The girl had a backpack on and looked to be on her way to school, Code recalled.

“We heard him say, ‘Let’s see if they have a snack for you,’” Code said. “We put in several things, but one of the things was a small individual Rice Krispies Treat that she’d gotten…and that’s what the little girl chose, and she was so happy and she got to have a snack on her way to school.”

Code and her Bunko group of other retired women choose a charity to support every December, and this year they picked the Weber Fridge at 302 28th Street in Ogden. The fridge offers free food to anyone who needs it, anytime they need it, all with an eye toward removing the stigma of food insecurity.

(Trent Nelson | The Salt Lake Tribune) Sandy Shaw organizes donations at the Weber Fridge.

(Trent Nelson | The Salt Lake Tribune)

(Trent Nelson | The Salt Lake Tribune) People picking up food from the community fridge.

“It’s near and dear to my heart that no one goes hungry,” Code said. “There’s no overhead, it’s just people donate, people take — and I like that philosophy.”

Hundreds of community refrigerators have popped up all over the world in recent years — including several in Utah, according to Freedge, an organization that supports the global network of public refrigerators.

In Salt Lake City, Rose Park and Sugar House have their own community fridges. Jeanette Padilla Vega, founder and president of the Food Justice Coalition, said her organization donates prepared meals to those fridges and to food pantries in Salt Lake County.

“There really isn’t too much organization behind the scenes,” Padilla Vega said of the public fridges. “It really is like, ‘Here is a community asset, we’re going to share this responsibility in making sure that it’s well-stocked and clean and available to the community.’”

(Trent Nelson | The Salt Lake Tribune) The Sugar House Community Fridge in Salt Lake City.

(Trent Nelson | The Salt Lake Tribune) Messages left on the refrigerator and the shelves.

(Trent Nelson | The Salt Lake Tribune)

Volunteers have embraced the fridge in Ogden, organizers Izzi Herzog and Anne Dunaway said. About 80 volunteers keep the fridge operating, with regular donors chipping in, too, to keep it clean and free from litter or graffiti.

“Every single day… somebody pulls up and drops off, three people show up and pick up, another person pulls up and drops off,” Dunaway said. “And it’s like that all day long. I am just so proud of my community.”

(Trent Nelson | The Salt Lake Tribune) The Rose Park Community Fridge in Salt Lake City.

(Trent Nelson | The Salt Lake Tribune)

(Trent Nelson | The Salt Lake Tribune) A note left at the Rose Park Community Fridge.

The fridge relocated to Dunaway’s business, Urban Prairie Agriculture, over the summer.

Recently, the Ogden community has been particularly affected by food insecurity, Dunaway said. The government shutdown and federal layoffs have hit the city hard, she said, because one of the area’s largest employers is the U.S. government.
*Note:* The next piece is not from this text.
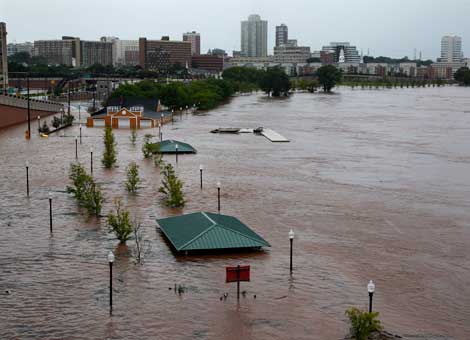 El centro de Nuevo Brunswick, Nueva Jersey, se puede observar desde el desbordado río Raritan, tras el paso del huracán Irene. El gobernador Chris Christie estimó que los daños ascenderán a miles de millones de dólares en toda la costa atlántica Foto Ap

These factors have blurred the line between the fridge’s frequent donors and receivers, Dunaway said.

(Trent Nelson | The Salt Lake Tribune) The sign at a community fridge in South Salt Lake.

(Trent Nelson | The Salt Lake Tribune) A message left at the Sugar House location.

(Trent Nelson | The Salt Lake Tribune)

“I no longer knew who was pulling up to get food and who was pulling up to give food — they all looked the same,” she said. “It was such a reminder that poverty is not as far away as we think it is.”

To get involved with a community fridge or to start one, Herzog said people can visit the Freedge website, reedge.org, or reach out to the Weber Fridge group on social media. The fridge can be found on Instagram under the username @weberfridge.

In Salt Lake County, Padilla Vega said people can volunteer or donate through the Food Justice Coalition’s website, foodjusticecoalition.org.

(Trent Nelson | The Salt Lake Tribune) A person picking up food at the Weber Fridge in Ogden.